Only CDs Is Sounding Like These # 1: Suzanne Vega, Nine Objects of Desire (1996)
A new occasional series - CDs are coming back baby! And I’m here for it. BIGTIME!
I bought Nine Objects of Desire (the first time) pretty soon after it came out. I was a Suzanne Vega fan already. I loved her from the time I first heard Luka, it stayed with me - then and now. And though I missed Days of Open Hand at the time, I was back for 99.9Fdegrees, the album that arrived just before Nine Objects - and is linked to it in creation; Vega at the time was married to her co-producer Mitchell Froom (he is credited with co-composition for some of the tracks). The albums play like sister-volumes, palinodes perhaps.
But, instantly, Nine Objects was, and remains, my favourite. It is the most fun and sophisticated batch of songs Vega has created. There are one-liners and zingers (“Do you know where friendship ends and passion does begin/It’s when the gin and tonic makes the room begin to spin”) and they are never silly, they are forever wise. There are tender lyrics about favourite plums (shades of William Carlos Williams?) and there is the most exquisite extended metaphor in World Before Columbus (“if your love were taken from me, the world would be as flat as the world before Columbus, sail to the edge/and I’d fall flat…”). Columbus is maybe her finest song ever. Which is saying a lot from the person that made Luka and Solitude Standing and Tom’s Diner and In Liverpool…

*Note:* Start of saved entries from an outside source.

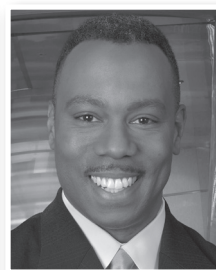
Jay Harris '87 ESPN Sportscaster
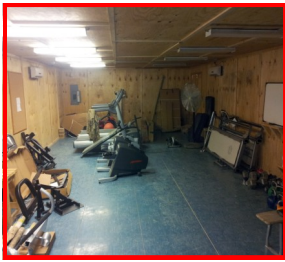
The Task Force Iron Fist Gym before the new equipment.

“CHAOS Soldiers continue to physically prepare for the Company’s October 22nd and 23rd Army Physical Fitness Test, but more importantly, for their Families awaiting them in the United States!”
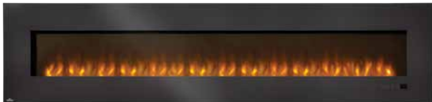
EFL100 | Electric Fireplace
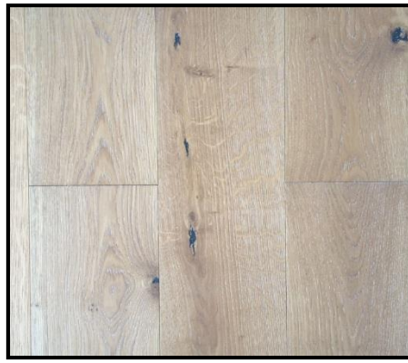
EUROPEAN OAK TOULOUSE
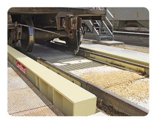
Grain Dump Grating Optimizes Unloading

Guardian hydraulic load cells are impervious against lightning strikes and water damage.
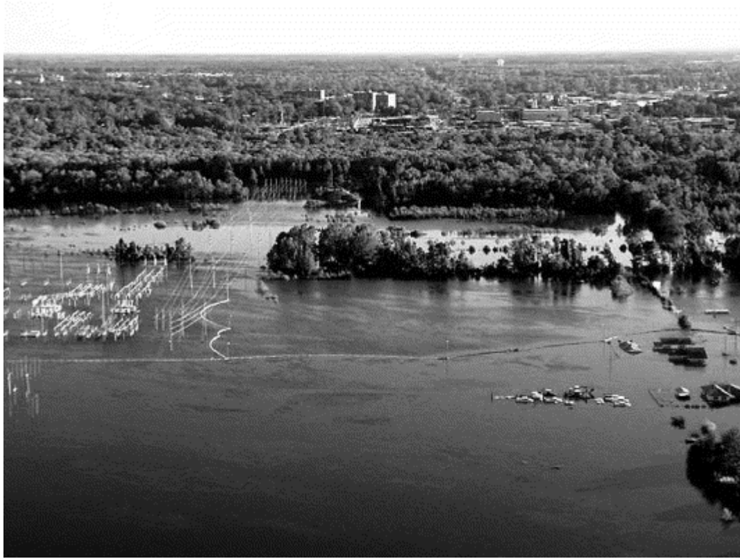
Fig. 1. Flooding along the Tar River in Greenville. View is towards the south with the power substation seen here on the left surrounded by booms. The Tar River channel is hidden beyond the trees but downtown Greenville and the East Carolina University Campus dormitories can be seen on the far side of the river. (Source: Pitt County Management Information Systems).

The area chosen for this study included a section of the Tar River that passed through the City of Greenville in Pitt County, North Carolina (Fig. 2). This area was selected for evaluating the methods for modeling flood extent due to its proximity to Greenville, and because a digital aerial photograph documenting the flooding was available from the North Carolina Department of Emergency Management (NCDEM). The extent of flooding that occurred in this area was indicated on the composite photograph, which was taken two days after peak flood stage had been reached on 23 September 1999.

In fact, I think Nine Objects is, musically, her most adventurous, sophisticated, and interesting album - and lyrically it’s maybe her tightest and cleverest. So these are big claims, right? Big things to celebrate. And nearly every song does exactly that.

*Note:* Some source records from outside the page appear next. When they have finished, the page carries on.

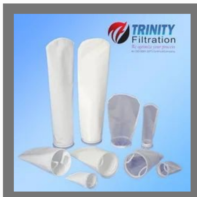
Oil Absorbent Bag Filters
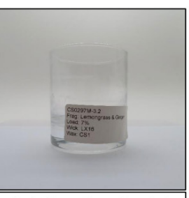
End of Burn Front- Sample 2
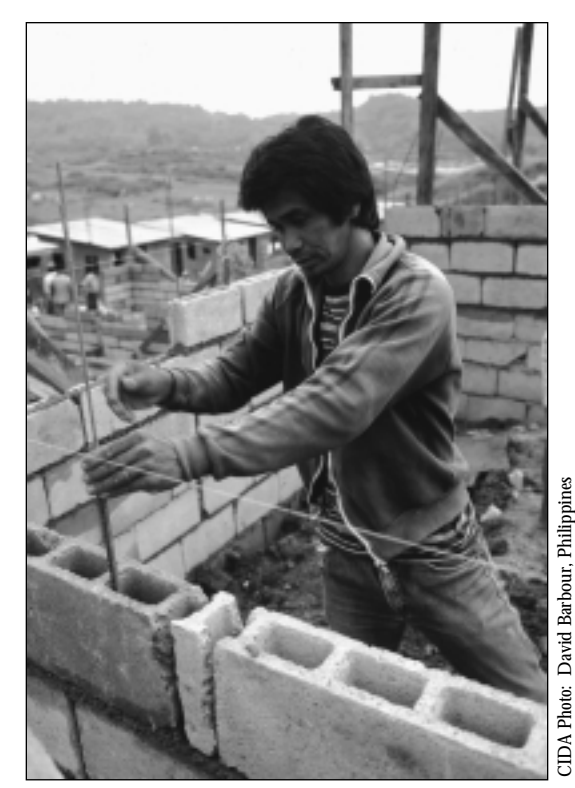
Good housing conditions are often a basis for health and well-being.

◆ Use of counterpart funds – CIDA will encourage consultation with its local partners, so that the funds generated by Canadian aid serve to support projects designed to meet basic human needs, and adequate follow-up is provided. This policy could be applied particularly to counterpart funds generated by food aid, which should be
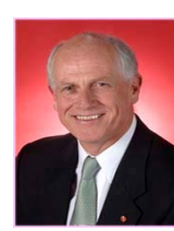
Senator Russell Trood
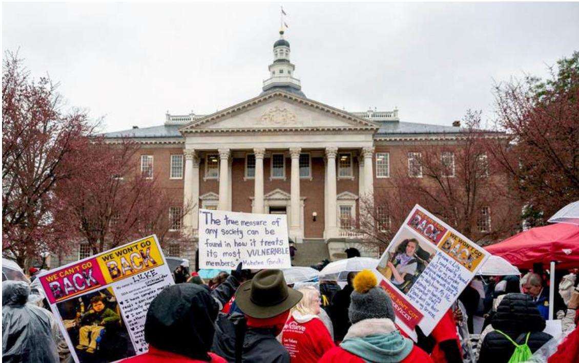
Photo: Crowds of advocates, activists, families and individuals with disabilities rallied earlier this month outside the State House in Annapolis, Md. to protest cuts to the Maryland Developmental Disabilities Administration.

Across the country, disability advocates are warning that services supporting people with disabilities are facing unprecedented risks. Even before recent developments, many programs were already strained by workforce shortages, long waiting lists, and rising costs. Now, proposed federal and state policy changes could significantly deepen these challenges.
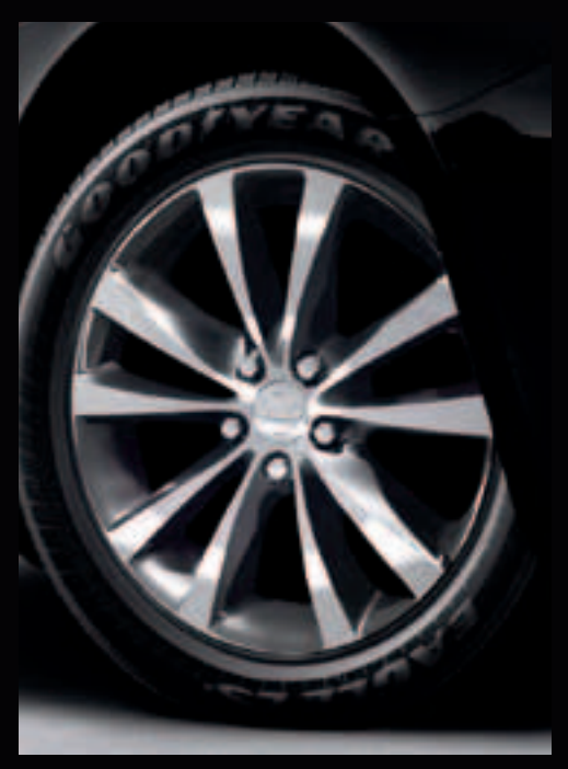
18-INCH POLISHED ALUMINUM WHEEL WITH BLACK PAINTED POCKETS Standard on S.
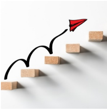
Learn How to Sell Better Oct 28
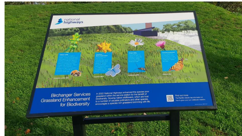
Information board explaining the biodiversity enhancements and giving the public a link to read more and discover how to create their own wildflower areas.
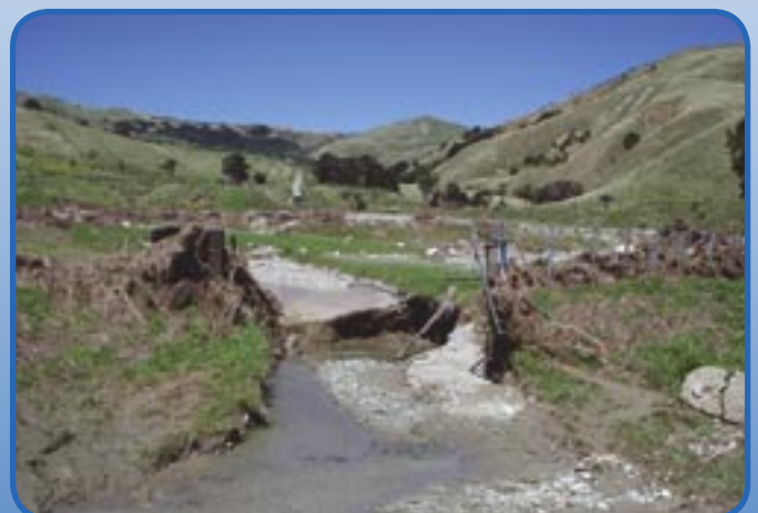
The haunting remains of a destroyed farm gate. Porangahau, in the Central Hawke's Bay, became isolated and many residents' properties were devastated by February's storm. Thirty people had to be evacuated from the township in total darkness of the early morning on 16 February 2004.
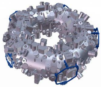
Figure 2: PPPL/ORNL are designing and building five normal-conducting trim coils , which will allow individual adjustment of the divertor heat patterns in the five modules of W7-X. Shown is a CAD drawing of the W7-X outer vacuum vessel, with attached trim coils (in blue).

The trim coil system (coils and power supplies) fills a mission- and time-critical need in the W7-X project. PPPL is leading this task, with strong involvement by ORNL. IPP has supplied coil and power supply technical specifications, magnetic load cases, space envelopes, and locations of all leads and coolant interfaces. The U.S. team has developed detailed designs and manufacturing drawings for the coils, performed structural and thermal hydraulic analyses, completed preliminary and final design reviews, and initiated procurement. The first two coils will be delivered to IPP in June, 2012. In conjunction with the control coil design activities, the U.S.-IPP team has updated the power supply technical specification. The U.S. team has begun design work on the power supplies, with the goal of manufacturing and delivering them to IPP by April, 2014, so as to be available to support W7-X commissioning activities. The budget for the coil project is $2.9M, and the preliminary estimate for the power supplies is $2.7M.

I bought the album in the summer that it arrived in New Zealand (1997). I was staying in Tauranga, visiting a handful of friends I’d made at university, and one of them had a job in a great music shop, Jim’s. So I think he possibly got me a bit of discount, but maybe not. It was a $34.95 CD at any rate. And I kept it for the longest time, and played it so often. Within a few months of owning it, I felt like it was a Desert Island Disc. Remember, when that was the ultimate accolade? I never had a full set of Desert Island Discs - from memory it was three? - but I always had reserved spots for this and John Coltrane’s A Love Supreme. I kinda liked leaving one space open - for something newly discovered/discoverable.

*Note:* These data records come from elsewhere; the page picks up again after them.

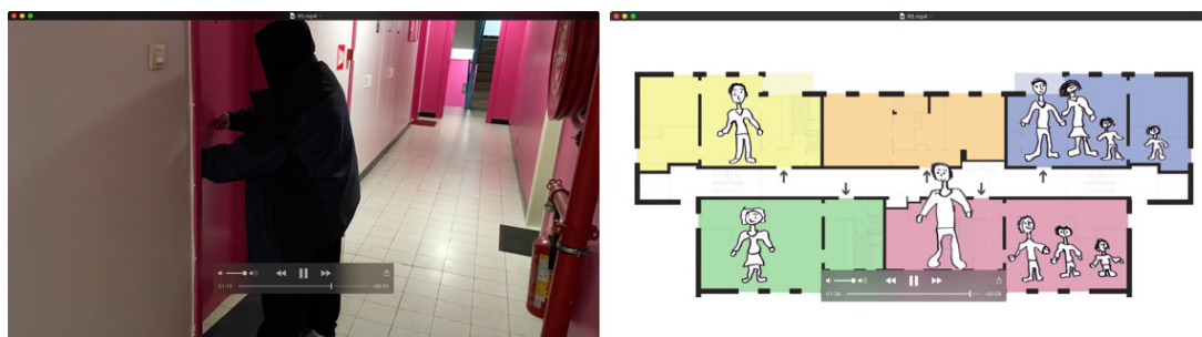
Figure 3. Stills of video fragment of an inhabitant discussing neighbourly relationships (video P4).

The regeneration plans explicitly aim to foster a sense of responsibility among residents through "mental and social appropriation processes" (in the case of the master plan; Office 1, 2014a, p. 82) and by involving them "in the use, management and maintenance of collective
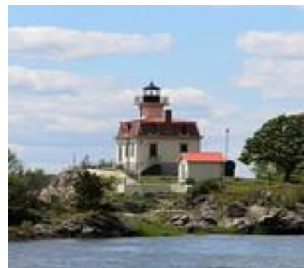
Images: Shannock Village (top), Pomham Rocks Lighthouse (bottom)
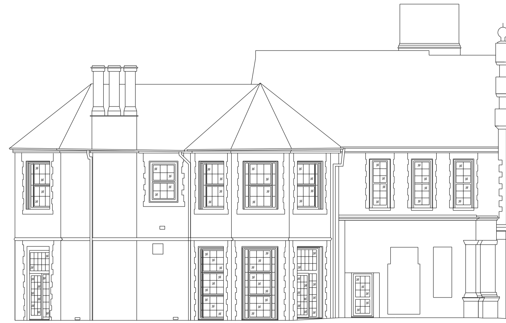
02 Existing North East Elevation WORKSHEET SCALE: 1/100
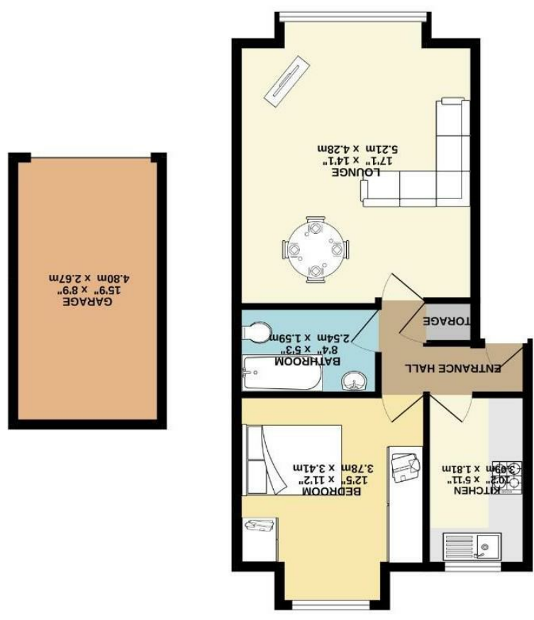
GROUND FLOOR 640 sq.ft. (59.5 sq.m.) approx.

TOTAL FLOOR AREA: 640 sq ft. (59.5 sq.m.) approx. Measurements are approximate. Not to scale. Brochure purposes only. Plans not to scale.
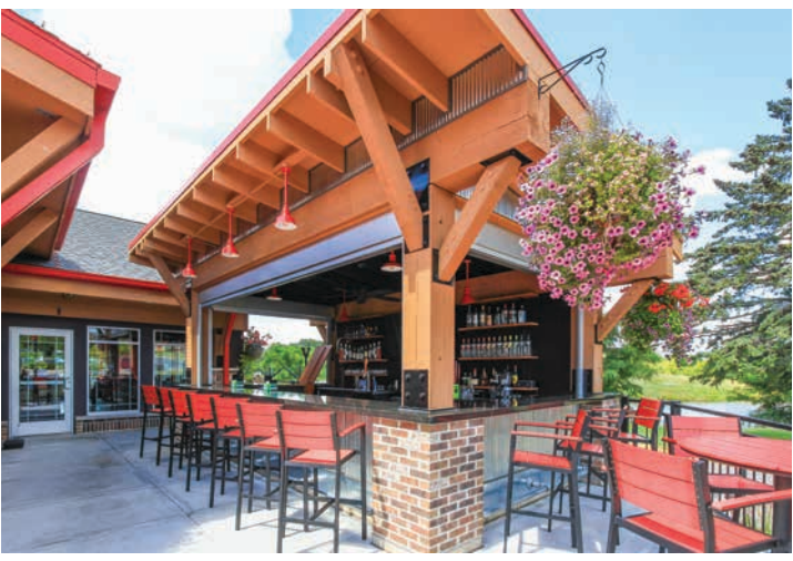
The new Monk's at The Wilderness outdoor bar and dining area was completed just in time for the 4th of July holidays. The Wisconsin Dells project also included closing in and finishing the former outdoor dining area and opening it up to the existing dining area, substantially increasing the indoor dining space for customers who frequent the popular bar and grill.
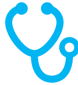
Qualifying Medical and Dental Expenses
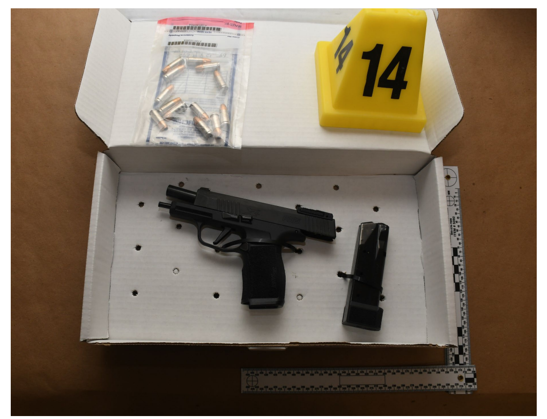
[Lieutenant Finoia's pistol and unused bullets]
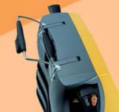
BED HOOK FOR RAIL AND BED MOUNTING
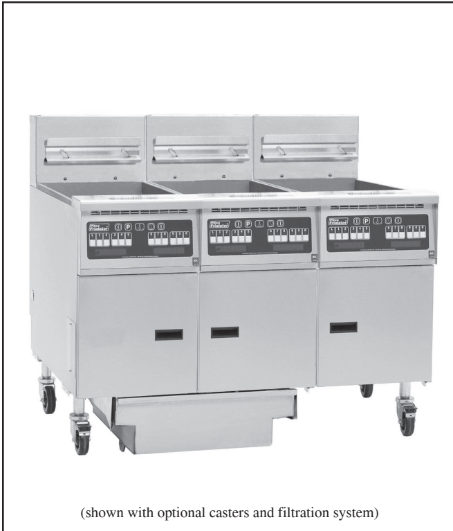
(shown with optional casters and filtration system)

I guess, briefly, I hoped for a vinyl edition for my collection, and maybe there is one…But by the time that would have happened, I had moved on from obsessive vinyl collecting. And then, I moved on from even owning CDs…for a while!
I’ve definitely kept listening to Nine Objects online over the years, but it feels like a CD. It’s always felt like a CD. So much so, that I’ve often thought about buying it again. I’ve seen it a few times in op-shops, etc. But that’s back when I was consciously trying to keep CDs to an absolute minimum. Now, I’m back buying (cheap) CDs. Mostly soundtracks. But as you’d guess, from this column celebrating the Compact Disc, I’m back. Buying up favourites.
So, it seemed right for the first edition that I mentioned this album. I bought it from a store in Grass Valley, California that felt very much like Jim’s Music Room in Tauranga. This one, Clocktower Records, had a box of $1 CDs out front. And I’m a sucker for a quick scan. Revelation to find Nine Objects of Desire there in the box. I bought it. And took it on a road-trip down to San Francisco. The first thing I played. Every song feeling as special as I first heard it. The listening experience taking me right back to 1997 and 1998 and through the early 2000s. When I tried my best to get others onto hearing that album, when I turned a few friends onto Suzanne Vega in general. And then, a few years back, when I met and interviewed Ms. Vega for my podcast.